It is always DNS. A kubectl story
I frequently interact with several Kubernetes clusters which sit behind a corporate VPN. The fact that one has to be connected to the VPN in order to access these clusters had never granted a second thought.
Long time ago I installed kubectl in my laptop using Homebrew (see instructions here). Since then, I kept using kubectl to connect to those clusters without problems, as long as I was also connected to the VPN.
One day, I started noticing the following error message:
$ kubectl get podUnable to connect to the server: dial tcp: lookup my-cluster.contoso.io on 192.168.0.1:53: no such host
Troubleshooting and fixing the issue
This was very puzzling. I had been using kubectl with no problem until very recently. Even more confusing was the result of my immediate troubleshooting:
- I was definitely connected to the VPN
- I could resolve
my-cluster.contoso.iowhen using other tools likecurl,ping, ordig +trace
What was going on? I checked with my colleagues in case they were experiencing the same issue. Of course, they weren't! The next immediate action was to compare the versions of kubectl we were using.

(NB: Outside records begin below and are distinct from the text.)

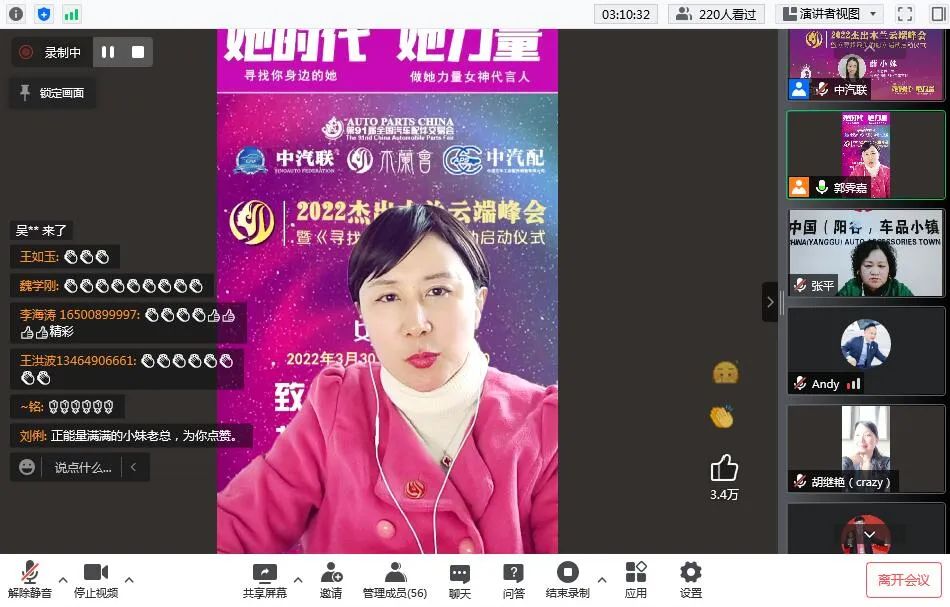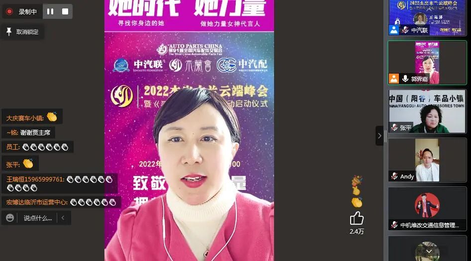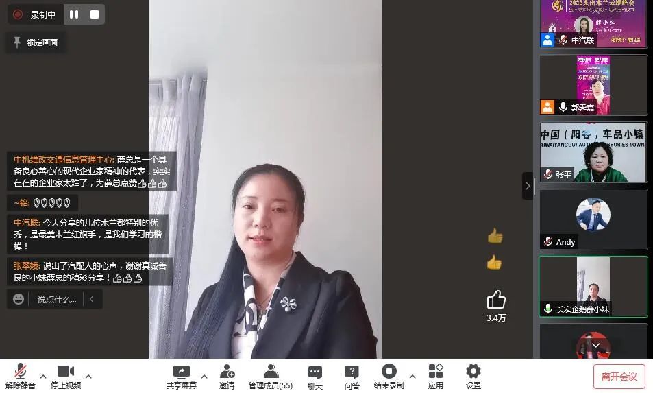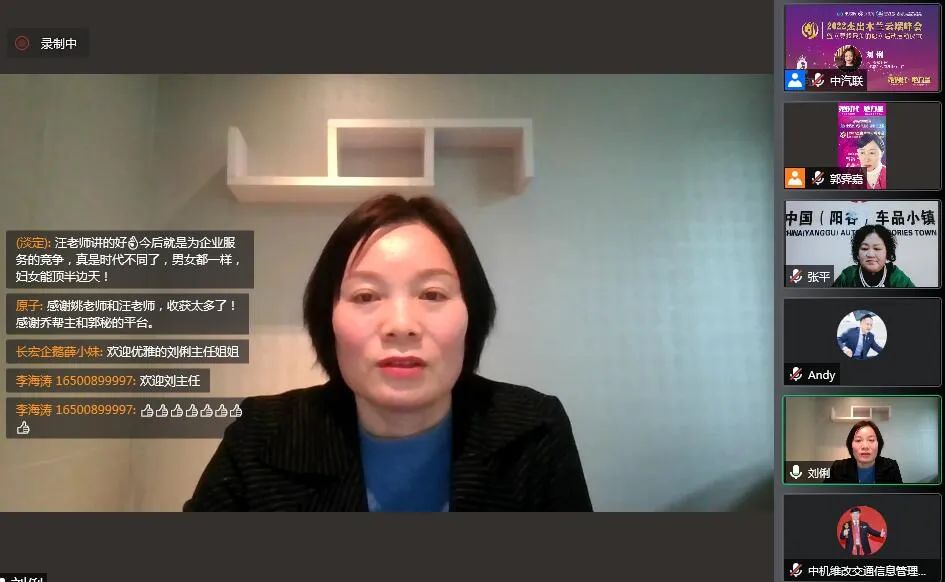 木蘭會聯(lián)席主席、中汽聯(lián)秘書長郭霽嘉作了總結(jié)發(fā)言。郭秘書長認為木蘭是社會進步的重要力量。國家的發(fā)展、民族的興旺、社會的進步,離不開“她力量”的推動。在當前我們面對的舉世矚目的抗疫阻擊戰(zhàn)中,更少不了木蘭這群“鏗鏘玫瑰”的美麗身影,她們用實際行動,在抗疫戰(zhàn)線上樹起了一道靚麗的風景線,她們用青春和汗水,譜寫了社會主義新時代的贊歌,她們是無愧于國家、無愧于人民的“巾幗英雄”。新時代木蘭,更是要以楷模之光照亮前行之路,看齊“巾幗英雄”筑夢前行,感悟她們“俯首甘為孺子牛”的奉獻精神,要充分發(fā)揚“甘做嫁衣、甘為綠葉”的奉獻精神書寫無愧于時代、無愧于人民、無愧于歷史的精彩答卷,共同書寫共和國的千秋偉業(yè)。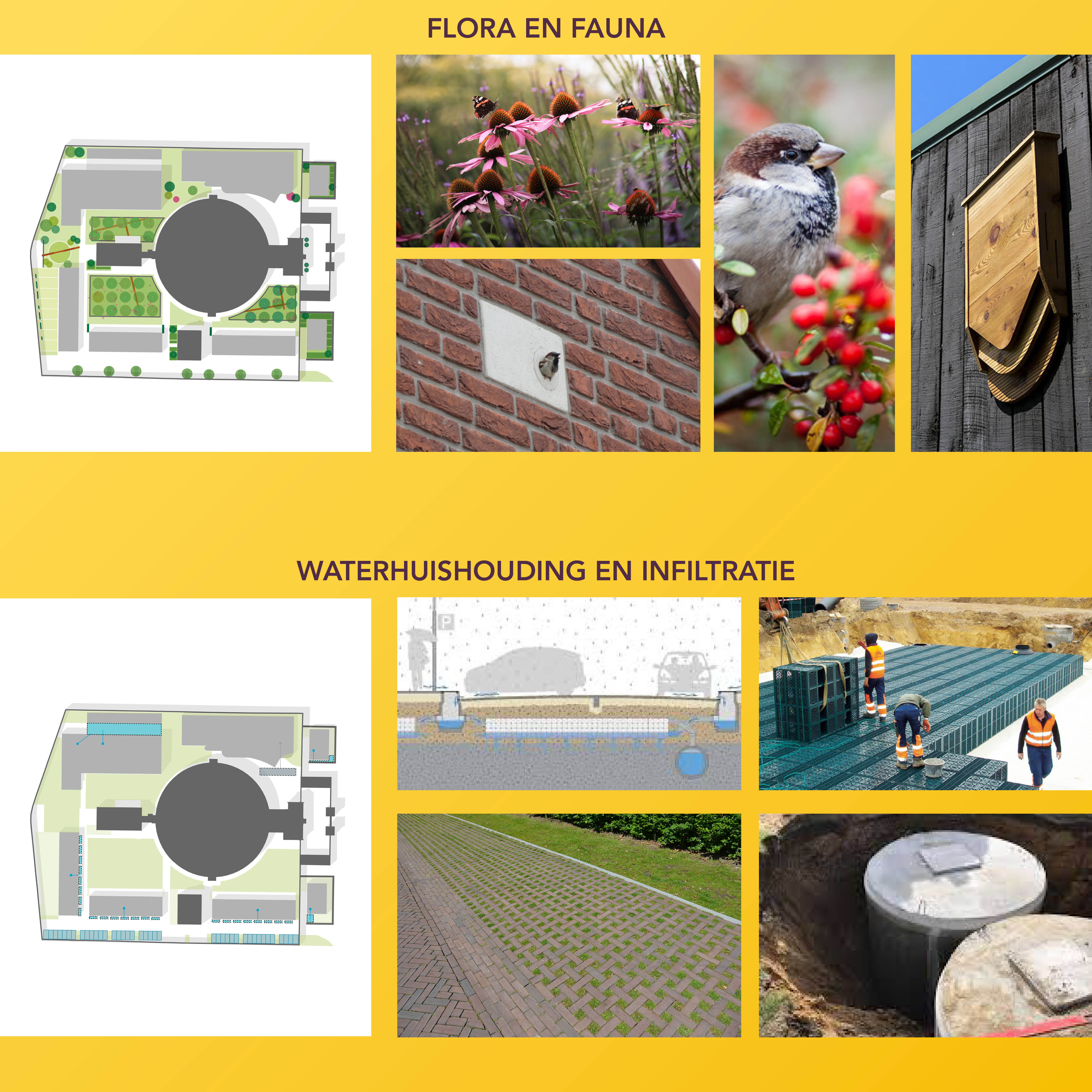 Het vergroenen van het terrein komt de biodiversiteit ten goede. Voor de tuinen worden beplanting en bomen geselecteerd die interessant zijn voor bijen en vlinders. De hagen rondom zijn aantrekkelijk voor kleine zoogdieren en vogels. Dit groen bestaat voornamelijk uit inheemse planten, bomen en struiken. Omdat daar de inheemse dieren (o.a. wilde bijen, vlinders) van afhankelijk zijn. Door in gevels van de nieuwbouw ook voorzieningen op te nemen zoals insectenhotels of vogelhuisjes ontstaat een natuur-inclusief geheel.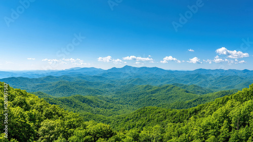 A stunning panoramic view of lush green mountains under a bright blue sky, showcasing nature's beauty and tranquility.
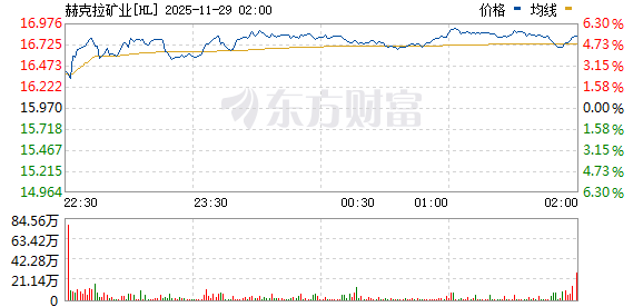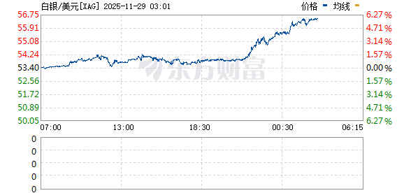 现货白银日内涨超5%,报56.11美元/盎司,再刷新记录新高。白银矿商跟随白银上涨,赫克拉矿业涨超5%。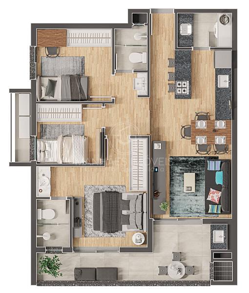 3 dormitórios (1 suíte)

When we compared versions, I was several versions behind theirs. With nothing better to try out, I decided to upgrade kubectl as in
brew upgrade kubernetes-cli
And this is where I grabbed the thread to find out what was going on! When Homebrew upgraded kubectl, it finished by complaining that /usr/bin/local/kubectl had been symlinked to a different location than the previous Homebrew installation. Even more interesting was the fact that the current binary pointed to my Docker for Mac installation!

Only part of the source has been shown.